Saved data entries:
□ □ □ □ □
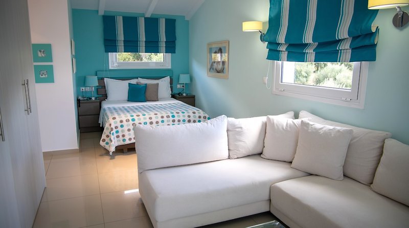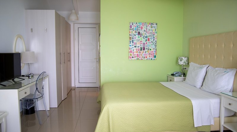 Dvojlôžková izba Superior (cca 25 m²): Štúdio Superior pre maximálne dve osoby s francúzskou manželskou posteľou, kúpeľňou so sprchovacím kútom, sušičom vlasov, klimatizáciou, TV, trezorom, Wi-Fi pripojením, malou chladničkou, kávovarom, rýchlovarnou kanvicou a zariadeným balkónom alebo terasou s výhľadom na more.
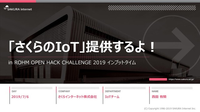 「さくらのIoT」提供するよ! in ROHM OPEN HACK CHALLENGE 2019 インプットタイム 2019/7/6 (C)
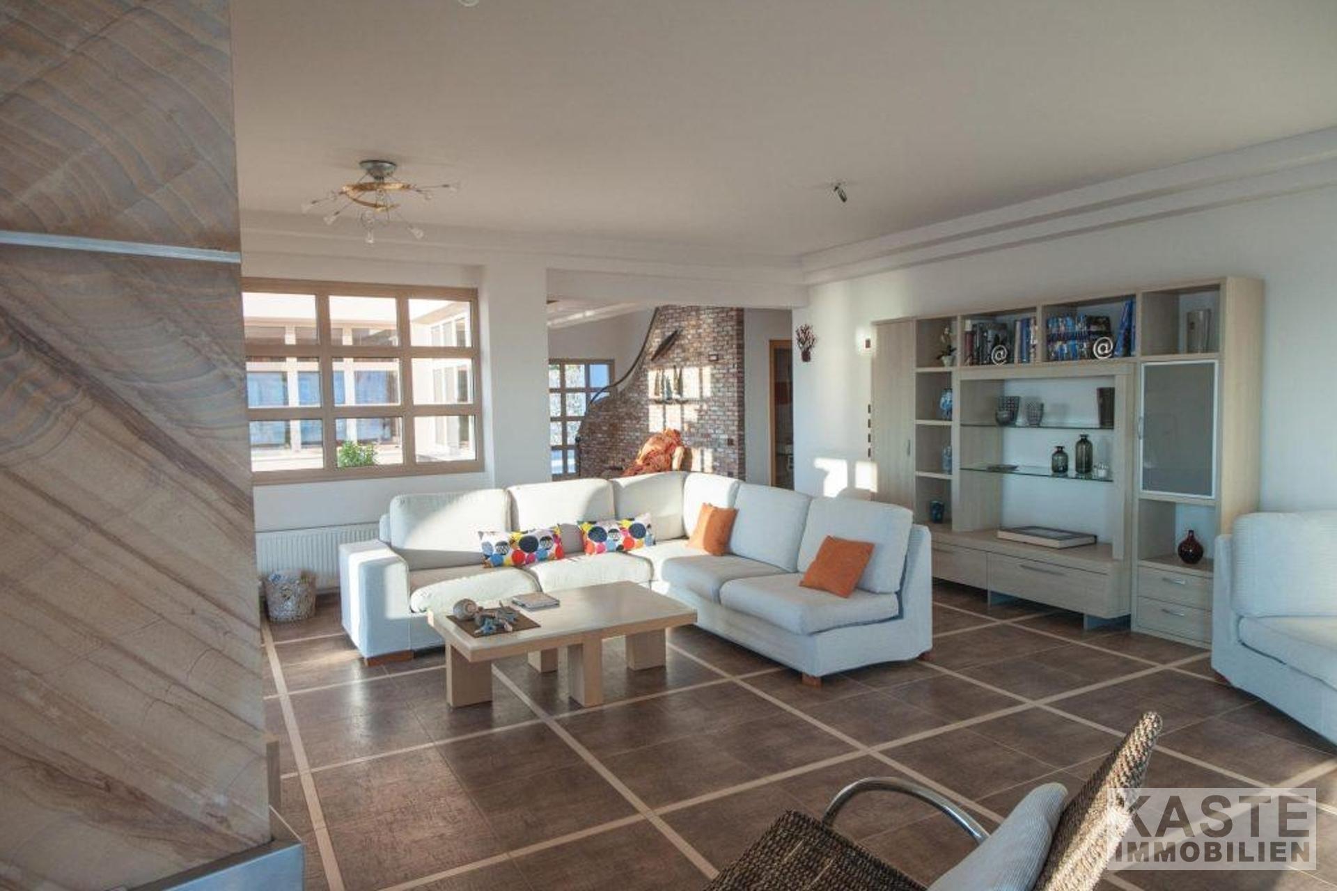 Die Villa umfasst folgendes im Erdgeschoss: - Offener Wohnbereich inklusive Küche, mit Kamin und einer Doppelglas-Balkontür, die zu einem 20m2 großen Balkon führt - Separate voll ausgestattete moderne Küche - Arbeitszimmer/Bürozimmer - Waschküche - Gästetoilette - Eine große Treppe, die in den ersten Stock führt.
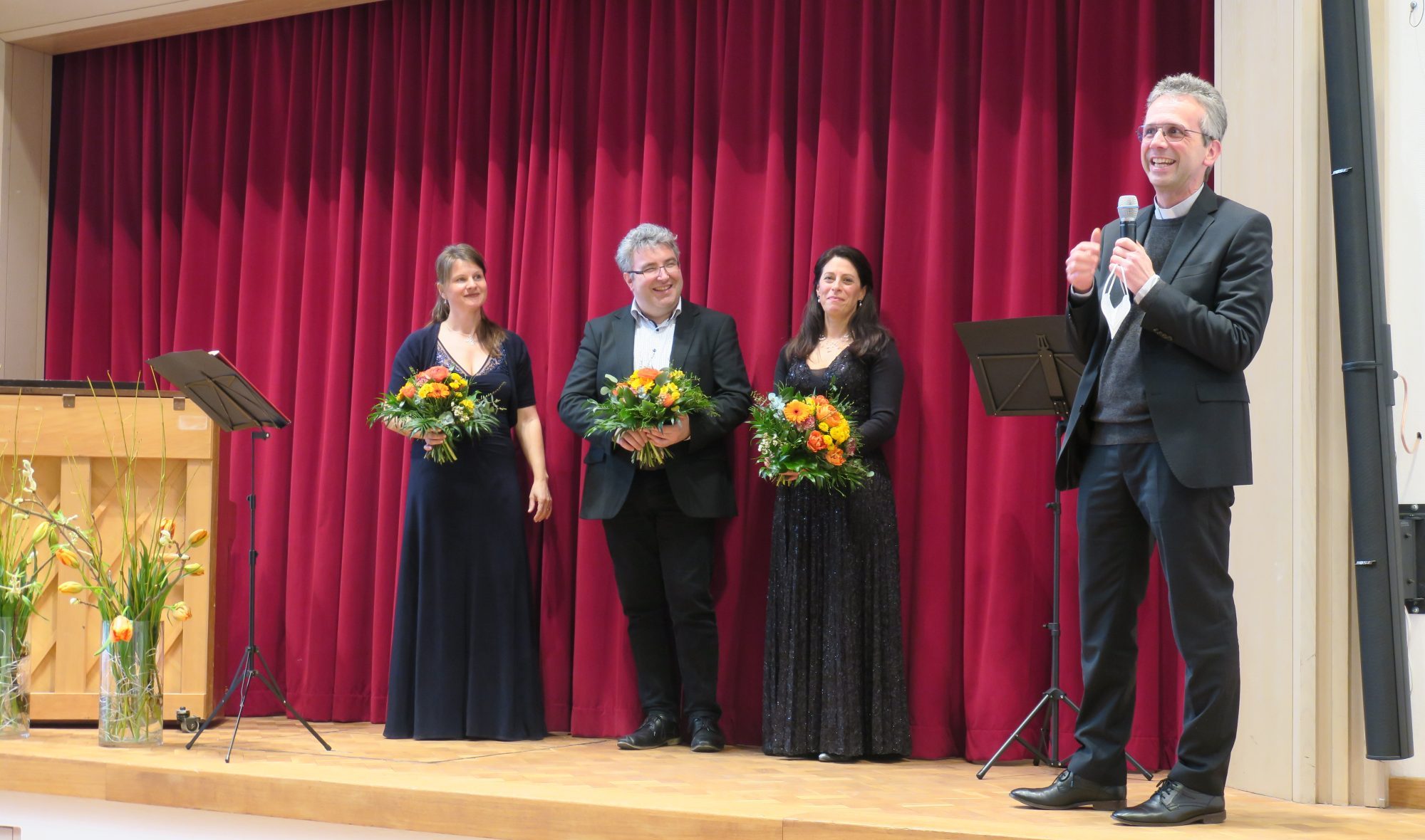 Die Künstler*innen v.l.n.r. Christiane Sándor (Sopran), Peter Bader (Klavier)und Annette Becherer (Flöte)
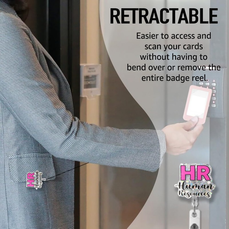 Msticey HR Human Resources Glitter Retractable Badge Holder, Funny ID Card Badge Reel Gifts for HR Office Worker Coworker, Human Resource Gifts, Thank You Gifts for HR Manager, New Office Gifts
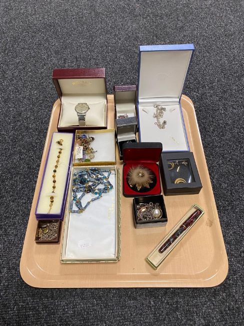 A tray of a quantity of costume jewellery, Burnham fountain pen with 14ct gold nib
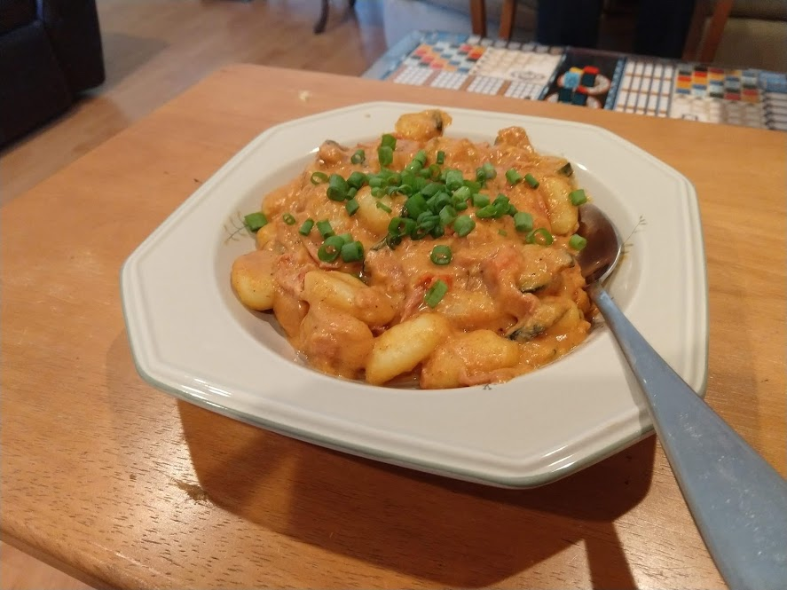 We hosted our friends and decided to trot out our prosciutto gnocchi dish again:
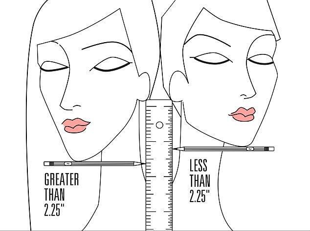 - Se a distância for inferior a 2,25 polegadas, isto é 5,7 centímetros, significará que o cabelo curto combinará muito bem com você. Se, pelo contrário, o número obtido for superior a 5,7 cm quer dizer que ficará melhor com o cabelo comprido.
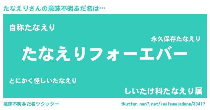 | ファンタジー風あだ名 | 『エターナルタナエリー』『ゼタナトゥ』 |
□ □ □ □ □
**INSTRUCTIONS TO FOLLOW**: Pictures must be left out. Repeat exactly the lines from the one containing "- Se a distância" through the final line of the data.

**SOLVED EXERCISE**:
 - Se a distância for inferior a 2,25 polegadas, isto é 5,7 centímetros, significará que o cabelo curto combinará muito bem com você. Se, pelo contrário, o número obtido for superior a 5,7 cm quer dizer que ficará melhor com o cabelo comprido.
 | ファンタジー風あだ名 | 『エターナルタナエリー』『ゼタナトゥ』 |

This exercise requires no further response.